Some electric devices use energy all the time. If there is a lighted or digital display on the device, it's using energy. Those electronics with small boxes on the cord also consumer energy when not in use. Unplug them!
17: Save Your Rainwater
Setting up a rain barrel will help you save rain water for the garden, feeding animals, or household chores. You can do this the consumer way, or the green way. Yes, they have expensive rain barrels for sale. You probably already have a garbage can, plastic box, or bin around the home you aren't using. Put it under your downspout to catch rain water.
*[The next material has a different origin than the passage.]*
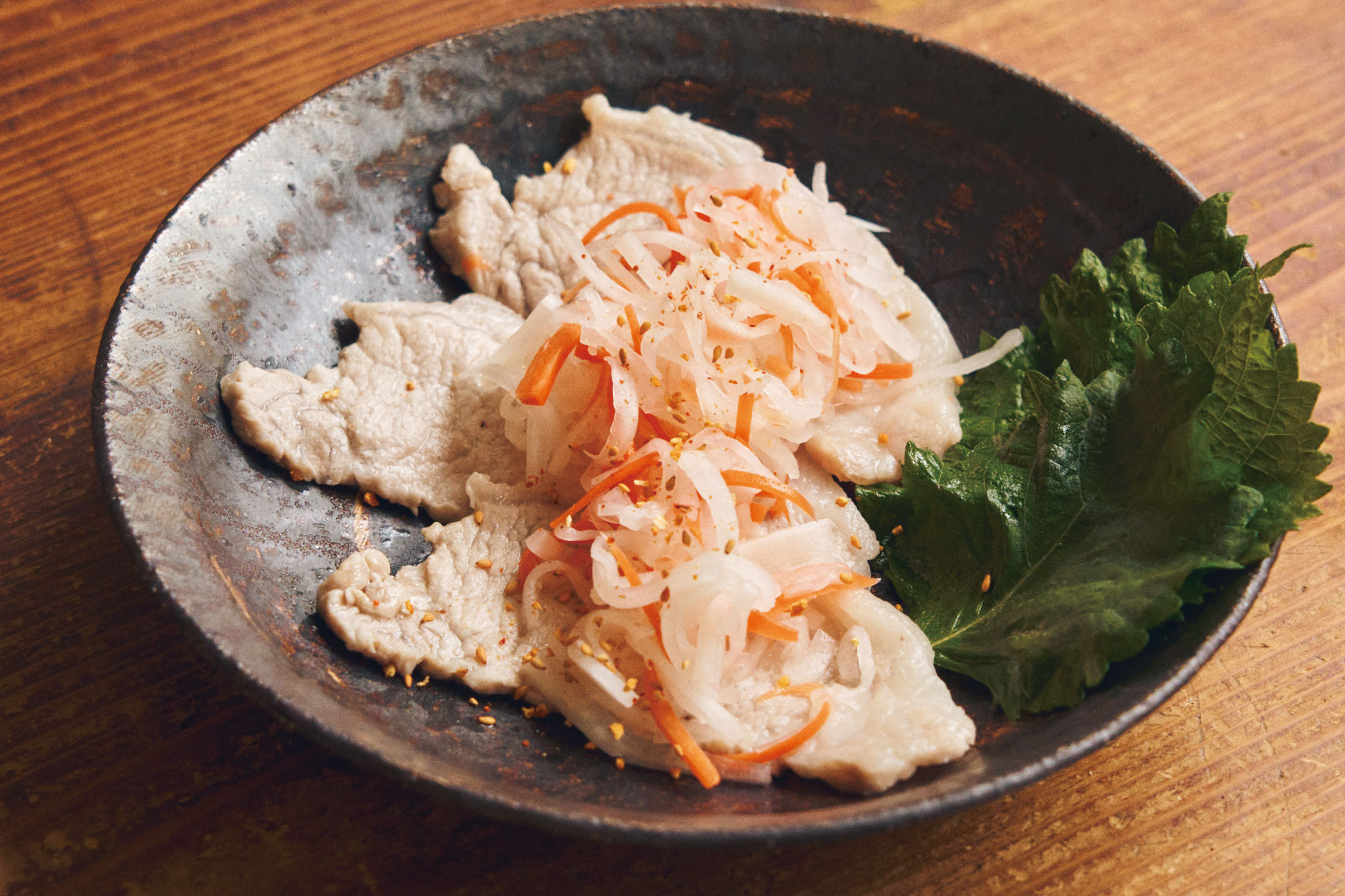 - 鶏もも肉を焼いている間に薄切りにした赤玉ねぎを寿司酢と混ぜる。

18: Consider Reusing Your Bathwater
Greywater systems are common today, they are convenient and green! If you don't have a greywater system for gathering bath and laundry water, consider a bucket.
19: Ditch the Car
The next time you are thinking of going somewhere, walk or riding a bike. You will get some exercise and cut down on the pollution from your automobile. Considering ways to avoid using your car daily, such as carpooling, taking a bike, or riding the bus. It will save you money too!
20: Donate Appliances You Can Live Without
It's not uncommon to have an extra refrigerator in the garage, or basement. Are you using it? What other energy sucking appliances are in your home that you could live without. Donate them!
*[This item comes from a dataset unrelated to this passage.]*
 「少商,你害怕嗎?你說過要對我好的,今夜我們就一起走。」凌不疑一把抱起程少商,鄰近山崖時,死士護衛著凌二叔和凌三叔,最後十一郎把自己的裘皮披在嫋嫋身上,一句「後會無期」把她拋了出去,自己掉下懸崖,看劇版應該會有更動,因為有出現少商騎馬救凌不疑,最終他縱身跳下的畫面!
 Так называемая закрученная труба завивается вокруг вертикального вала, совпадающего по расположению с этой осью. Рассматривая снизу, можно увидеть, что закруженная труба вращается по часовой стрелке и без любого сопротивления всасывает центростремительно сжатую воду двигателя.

21: Consider Eating More Raw Food
Raw food is healthier and you don't consume energy cooking it.
22: Turn Off The Lights
Developing habits of shutting off lights when they are not in use will help you live green. Turn off what you aren't using. There's no sense in lighting a room when nobody is there. Consider altering your schedule so that you are awake when there is natural day light available and sleeping when it's dark.
23: Reduce Food Waste
Don't buy what you will not eat. Reducing food waste is important. Many Americans admit to buying food each week that they eventually throw out without opening because it goes bad before it's eaten. One alternative is to use carefully planned menus. Another is to get into the habit of freezing, drying, or canning food before it spoils. Browse your refrigerator once in a while and implement food preservation tactics for anything you don't think you will use soon.
24: Reuse Your Plastic
Plastic is everywhere. Despite my best efforts, I can't seem to avoid having plastic to recycle each week. Before you recycle it, consider one reusing it for storage. Plastic food containers make terrific storage boxes for crayons, sewing supplies, and other small items. Bottles with the top cut off can also store a lot of things. The garage is another place you can organize with your plastic. Nails and screws are kept tidy in plastic bottles with screw on caps. This puts the plastic you already have in your home to use rather than having to buy storage containers for organization.
25: Reuse Your Paper
First and foremost, call the senders and take yourself off the mailing list if you get unwanted junk mail. Get full use of your paper. Reuse it for scratch paper or kid's drawing paper. Once you've used both sides, you can recycle it as a home project, or you can reuse some types of paper in crafts.
26: Ditch Your Cosmetics
Do you need them? Or are you beautiful just the way you are?
27: Reuse Your Glass
Some crafty ways to reuse glass and limit the need to recycle Reuse Glass
28: Reuse Your Cans
I stopped buying soda years ago, but I still end up with cans that must be recycled, or reused. Friends and family bring them over when they visit. Here are some unusual ideas to reuse your cans: Reuse Your Cans
29: Ditch Your Commercial Cleaning Products
You have everything you need to clean your house in your kitchen or bathroom without purchasing cleaning products. Vinegar, baking soda and hydrogen peroxide will clean just about any surface efficiently. Now caustic, costly cleaning supplies are needed.